Литмир - Электронная Библиотека
A
A

Попытаюсь все же получше описать ее вид в тот день: это безразличие и презрение; она притворялась отсутствующей или скорее делала вид, будто другой (то есть я) уже много веков как не существует; ее негативное излучение, холод, убивающий всякую связь, даже тоненькую, как паутинка, даже порядка простой вежливости или некой «жалости», которую испытывают друг к другу, если верить Жан-Жаку Руссо, все живые существа, даже занимающие разные ступени на лестнице эволюции, и которая заставляет, например, лошадь ржать и подниматься на дыбы, как только она почует труп. Ее вид — я продолжаю — был за пределами обиды, за пределами досады, что не означает, что обида преодолена; напротив, она здесь, она огромна, все организуется, все вращается вокруг нее; я бы сказал, она испускает смертельное излучение. Глаза Петиции были устремлены на меня, широко открытые, жестокие, блестящие, невидящие; она смотрела сквозь меня и явно видела будущее, в котором меня не было.

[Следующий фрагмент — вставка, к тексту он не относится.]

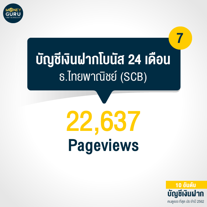 อันดับ 7 "บัญชีเงินฝากโบนัส 24 เดือน" ธนาคารไทยพาณิชย์ (SCB) : 22,637 Pageviews

Часто такой вид имеют любовники накануне разрыва. Но мы друг друга знали совсем немного, и так недавно! Возможно ли это — что у нее так мало терпения или любопытства? И правда, неделю спустя этот случай был забыт. Но тревога всколыхнула меня глубоко. Почему бы мне тогда не понять, что с ней, такой прекрасной и желанной, неуверенность будет постоянной и более ужасной, чем с любой другой женщиной? — ведь я не смогу даже предаваться угрюмым радостям ревности. У меня будут все причины ревновать без разрешения на это. Я всегда вынужден буду считаться с той ужасающей жестокостью, которая делала ее недоступной для меня — целые дни и даже, увы, недели! — даже не хохочущей (ведь хохот все же означает какой-то отрицательный интерес), но немой, ледяной, арктической, недоступно удаленной, в полной независимости, которая представляет собой и абсолютный запрет на любовь. Короче, уже тогда, тем днем в Камбо, я получил доказательство, что по ее милости мне предстоит много страдать.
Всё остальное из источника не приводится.